BRIEF:
Keep the text of the data exactly as it is and omit each picture from the copy.

SUPPLIED MATERIAL:
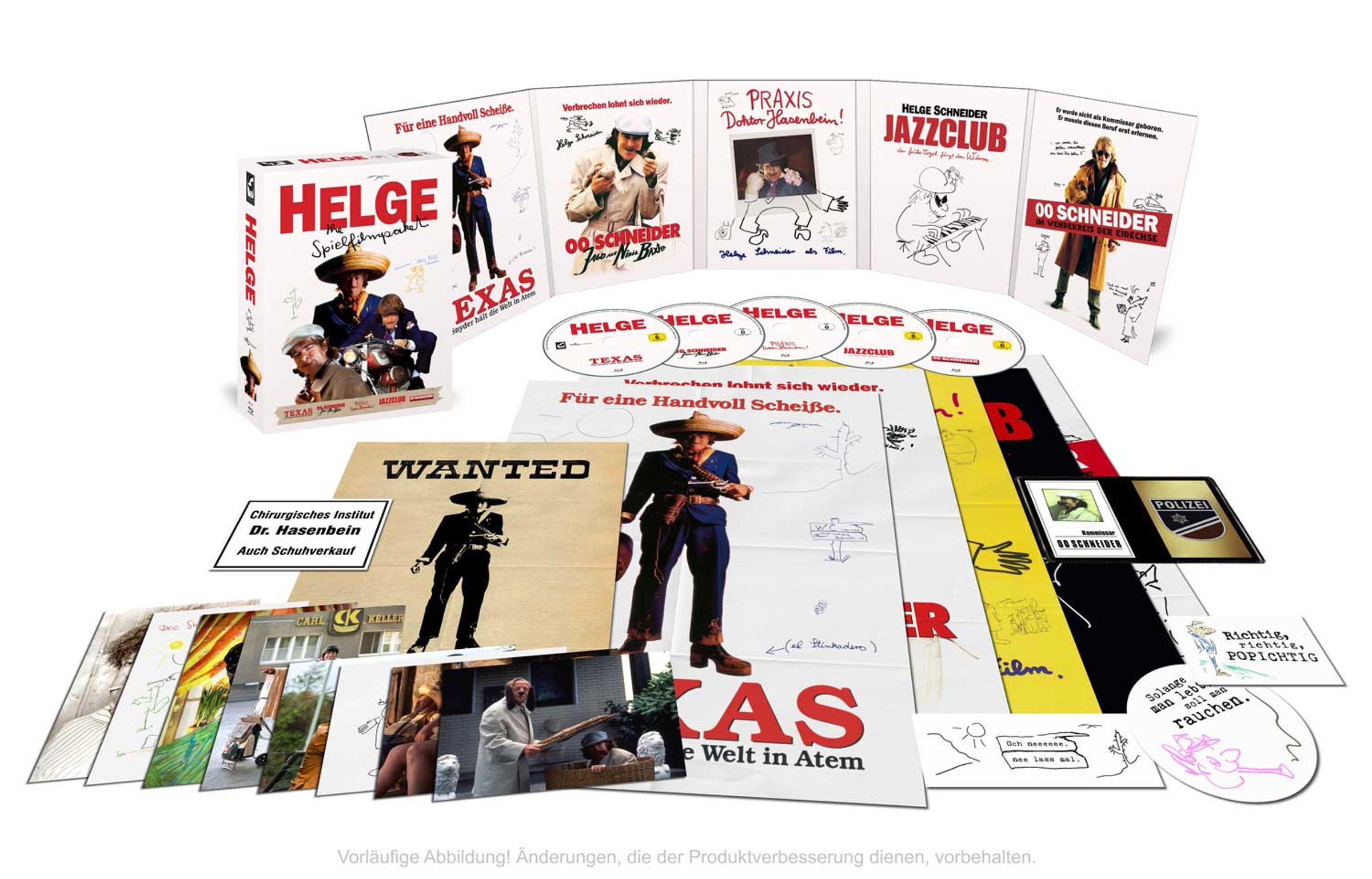 Das Paket enthält brandneue Turbine-Restaurierungen von den original Filmnegativen der Klassiker von 1993 bis 2004 - freigegeben von Regisseur Schneider. Aus dem Archiv gibt es Audiokommentare und jede Menge Bonusmaterial. Die pickepackevolle Box verfügt aber auch über 00 Schneiders Dienstausweis, sechs Poster, acht Artcards und vier Sticker.
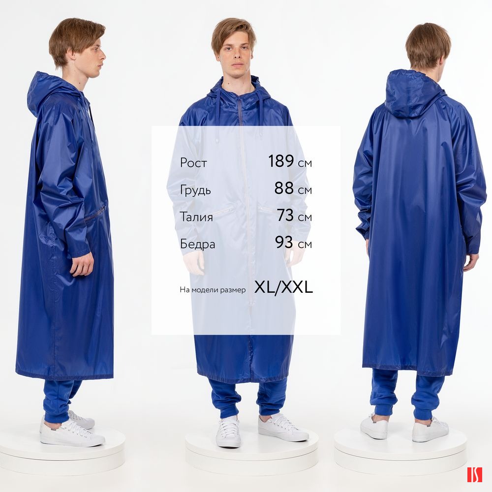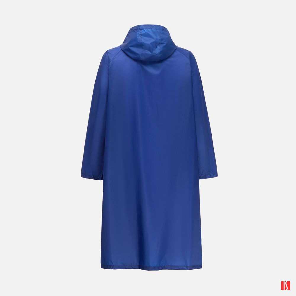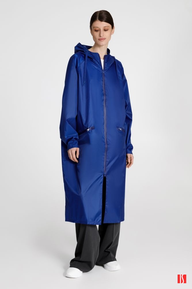 Плащ-дождевик на молнии с капюшоном из ткани таффета с полиуретановой пропиткой для защиты от сильного дождя.
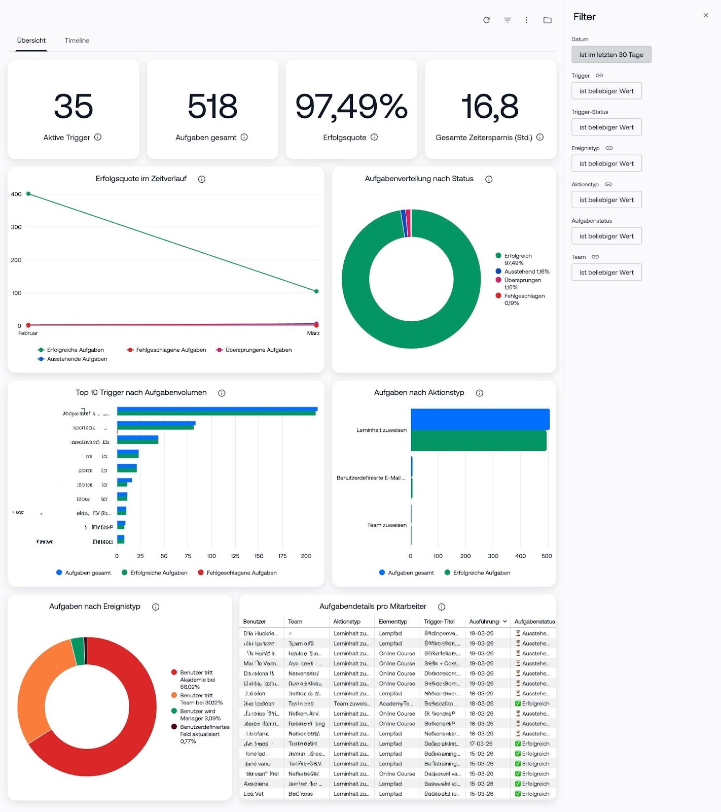 Darüber hinaus zeigt das Dashboard, was jeder Trigger zugewiesen hat, an wen und auf Basis welcher Aktion. Dies ermöglicht es Managern, schnell nachzuvollziehen, wie oft ein Trigger für eine bestimmte Person oder ein bestimmtes Team aktiviert wird, und zu überprüfen, ob alles wie erwartet funktioniert. Dies hilft Organisationen, ihre Automatisierungen besser zu überwachen und bei Bedarf zu optimieren.
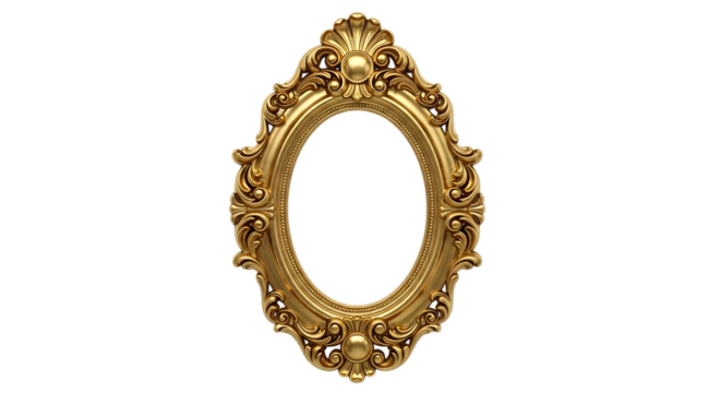 Elegant gold frame with baroque scroll design on transparent background

YOUR SOLUTION:
 Das Paket enthält brandneue Turbine-Restaurierungen von den original Filmnegativen der Klassiker von 1993 bis 2004 - freigegeben von Regisseur Schneider. Aus dem Archiv gibt es Audiokommentare und jede Menge Bonusmaterial. Die pickepackevolle Box verfügt aber auch über 00 Schneiders Dienstausweis, sechs Poster, acht Artcards und vier Sticker.
 Плащ-дождевик на молнии с капюшоном из ткани таффета с полиуретановой пропиткой для защиты от сильного дождя.
 Darüber hinaus zeigt das Dashboard, was jeder Trigger zugewiesen hat, an wen und auf Basis welcher Aktion. Dies ermöglicht es Managern, schnell nachzuvollziehen, wie oft ein Trigger für eine bestimmte Person oder ein bestimmtes Team aktiviert wird, und zu überprüfen, ob alles wie erwartet funktioniert. Dies hilft Organisationen, ihre Automatisierungen besser zu überwachen und bei Bedarf zu optimieren.
 Elegant gold frame with baroque scroll design on transparent background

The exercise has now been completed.